El escenario energético argentino acaba de recibir un sismo. La Secretaría de Energía, bajo la órbita del Ministerio de Economía, publicó la Resolución N° 99/2026, una movida estratégica que modifica sustancialmente las reglas del Mercado Eléctrico Mayorista (MEM). El objetivo, según la cartera, es "fortalecer las herramientas regulatorias" ante la "marcada volatilidad" de los mercados internacionales de combustibles, afectados por conflictos bélicos y tensiones geopolíticas.
La medida introduce un nuevo inciso k) al Punto 3.4 de las "Reglas para la Normalización del MEM", aprobado por la Resolución N° 400/2025. Esto significa que habrá nuevas previsiones para el recupero de costos de combustibles y el despacho, buscando evitar "descalces económicos entre costos efectivamente afrontados y costos reconocidos" por las generadoras. En criollo: el Estado quiere que las empresas no pierdan plata por la suba del combustible, pero la forma en que estos costos se trasladarán es la gran pregunta.
Pero el cambio más impactante es la eliminación del mecanismo 'Deliver or Pay' (DOP). Esta cláusula, prevista en el Punto 6.1, penalizaba a los generadores térmicos que no contaran con el gas propio o el combustible alternativo comprometido. Ahora, ese riesgo se esfuma para las empresas. La Secretaría argumenta que esta supresión "contribuye a reducir riesgos de sobrepenalización frente a contingencias logísticas, comerciales o de abastecimiento ajenas o no enteramente imputables al generador".

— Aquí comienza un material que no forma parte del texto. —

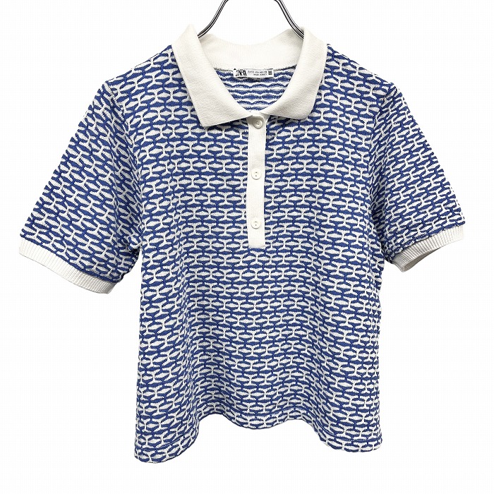 | 商品タイトル | ザラ ZARA ポロシャツ ショート丈 総柄 裾が若干フレア 半袖 ポリ×レーヨン×綿×アクリル×ナイロン S ブルー 青×白 レディース |

Para las generadoras térmicas, es un alivio inmenso. Les brinda mayor "certidumbre operativa y económica" y mejora su margen de maniobra. Sin embargo, para los ciudadanos comunes, la eliminación del 'Deliver or Pay' podría significar que los costos por la falta de combustible o por la necesidad de usar alternativas más caras (como el gasoil importado) se trasladen de forma más directa a las tarifas, sin que haya un incentivo tan fuerte para que las empresas aseguren el abastecimiento. La promesa es un mercado "más eficiente, previsible y competitivo", pero la letra chica de los costos energéticos siempre es un dolor de cabeza para el bolsillo.